用scala读取一个只有字符的文件,该文件是已经清洗完的数据,有规律,一行是一条数据。
现在的需求是一次读取文件中的一部分,依次读取完。
之前用字节流偶尔出现乱码,最后改成一次读取一行了。import java.io.{BufferedReader, InputStreamReader}
import org.apache.hadoop.fs.FSDataInputStream
/**
* Created by wx on 2017/7/25.
*/
object ReadHDFSFileByLine {
def main(args: Array[String]) {
var inputStream: FSDataInputStream = null
var bufferedReader: BufferedReader = null
try {
/* inputStream = HDFSUtil.getFSDataInputStream("hdfs://master:9000/TestData/aviation7/part-00018")

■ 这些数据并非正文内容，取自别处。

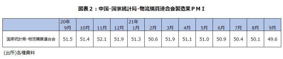 国家統計局の中国製造業PMI21年9月は49.6だった。前月の50.1から0.5ポイント低下し、景気判断の分岐点である50を20年2月以来、1年7カ月ぶりに下回った(図表2)。電力不足の他に、国際物流の停滞や半導体不足の影響もみられよう。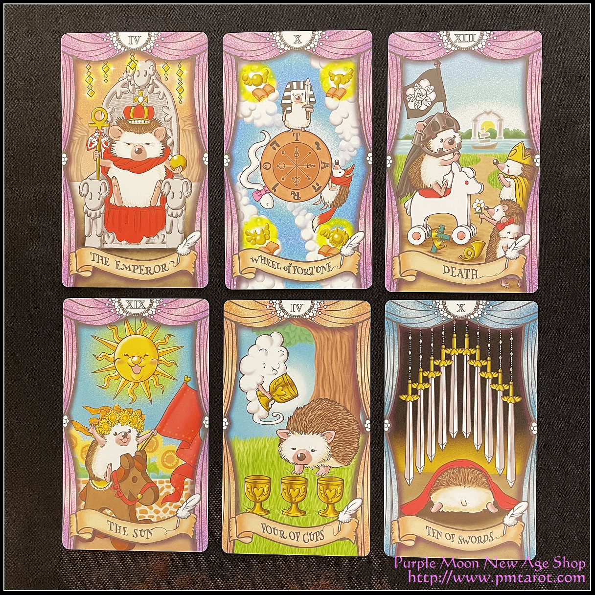 また、初心者や中級者だけでなく、いろいろな種類の可愛いカードを集めたいというコレクターやタロットを複数操る方々にも愛される作りになっております。 ライダー版タロットカードを使って占いをされる代わりに、このフェイブルヘッジホッグタロットを使うことで、可愛さに囲まれて占えます。紙質がよりハードに、箱の形もより使いやすくなってグレードアップしました。
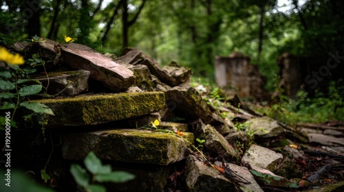 Fototapeta premium Crumbled Stone Wall Fragments in Overgrown Forest Setting

bufferedReader = new BufferedReader(new InputStreamReader(inputStream))
var lineTxt:String=null
var count = 1
// 这样写就是死循环,无法跳出,我很郁闷改用下面的就好了
while ((lineTxt= bufferedReader.readLine()) != null) {
println(count + "\t" + lineTxt)
count += 1
//让程序暂停睡眠一下
Thread.sleep(1)
}*/
//获取到HDFS的输入流,可以参考上一篇文档
inputStream = HDFSUtil.getFSDataInputStream("hdfs://master:9000/TestData/aviation7/part-00018")
//转成缓冲流
bufferedReader = new BufferedReader(new InputStreamReader(inputStream))
//一次读取一行
var lineTxt: String = bufferedReader.readLine()
var count = 1
while (lineTxt != null) {
println(count + "\t" + lineTxt)
count += 1
lineTxt = bufferedReader.readLine()
//让程序暂停睡眠一下
Thread.sleep(1)
}
} catch {
case e: Exception => e.printStackTrace()
} finally {
if (bufferedReader != null) {
bufferedReader.close()
}
if (inputStream != null) {
HDFSUtil.close
}
}
}
}